* Data for processing *
════════════════════

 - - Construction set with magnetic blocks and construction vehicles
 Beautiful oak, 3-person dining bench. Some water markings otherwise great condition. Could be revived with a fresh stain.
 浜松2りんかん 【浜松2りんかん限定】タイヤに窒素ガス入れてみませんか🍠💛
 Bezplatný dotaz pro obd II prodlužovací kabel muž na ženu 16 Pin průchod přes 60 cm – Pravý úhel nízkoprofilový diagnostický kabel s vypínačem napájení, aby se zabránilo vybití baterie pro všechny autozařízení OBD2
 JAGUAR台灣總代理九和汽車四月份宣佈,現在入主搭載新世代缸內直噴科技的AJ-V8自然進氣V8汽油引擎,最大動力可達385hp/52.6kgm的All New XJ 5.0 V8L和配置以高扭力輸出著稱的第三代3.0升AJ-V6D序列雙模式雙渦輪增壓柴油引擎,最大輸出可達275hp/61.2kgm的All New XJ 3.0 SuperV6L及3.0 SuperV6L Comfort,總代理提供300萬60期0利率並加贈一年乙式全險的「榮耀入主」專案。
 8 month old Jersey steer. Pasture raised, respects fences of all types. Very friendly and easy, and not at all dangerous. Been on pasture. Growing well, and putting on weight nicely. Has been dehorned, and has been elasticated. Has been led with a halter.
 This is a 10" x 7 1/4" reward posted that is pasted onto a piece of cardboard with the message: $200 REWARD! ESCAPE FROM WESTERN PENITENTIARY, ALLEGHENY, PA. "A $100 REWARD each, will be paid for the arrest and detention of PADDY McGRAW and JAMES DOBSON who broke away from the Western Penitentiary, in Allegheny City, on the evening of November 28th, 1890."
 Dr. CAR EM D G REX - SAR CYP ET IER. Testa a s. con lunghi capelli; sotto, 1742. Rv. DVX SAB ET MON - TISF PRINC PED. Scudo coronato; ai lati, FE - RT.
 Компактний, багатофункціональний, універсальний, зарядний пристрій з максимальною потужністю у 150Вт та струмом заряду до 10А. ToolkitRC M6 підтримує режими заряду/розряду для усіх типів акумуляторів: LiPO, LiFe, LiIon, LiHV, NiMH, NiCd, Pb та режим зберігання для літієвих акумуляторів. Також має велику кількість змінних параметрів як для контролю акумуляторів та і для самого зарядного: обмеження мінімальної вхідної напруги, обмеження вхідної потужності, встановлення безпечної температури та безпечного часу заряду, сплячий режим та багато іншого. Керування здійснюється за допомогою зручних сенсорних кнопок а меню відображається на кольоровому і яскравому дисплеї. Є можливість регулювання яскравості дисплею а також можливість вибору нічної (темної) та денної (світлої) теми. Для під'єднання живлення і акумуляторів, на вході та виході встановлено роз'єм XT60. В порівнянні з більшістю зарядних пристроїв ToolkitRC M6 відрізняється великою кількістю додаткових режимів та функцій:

════════════════════

* Action item *
Scan the records above for the lines holding "Beautiful oak, 3-person" and "Bezplatný dotaz pro". Transcribe those two and every line between them word for word, and no others.

* Solution for this task *
 Beautiful oak, 3-person dining bench. Some water markings otherwise great condition. Could be revived with a fresh stain.
 浜松2りんかん 【浜松2りんかん限定】タイヤに窒素ガス入れてみませんか🍠💛
 Bezplatný dotaz pro obd II prodlužovací kabel muž na ženu 16 Pin průchod přes 60 cm – Pravý úhel nízkoprofilový diagnostický kabel s vypínačem napájení, aby se zabránilo vybití baterie pro všechny autozařízení OBD2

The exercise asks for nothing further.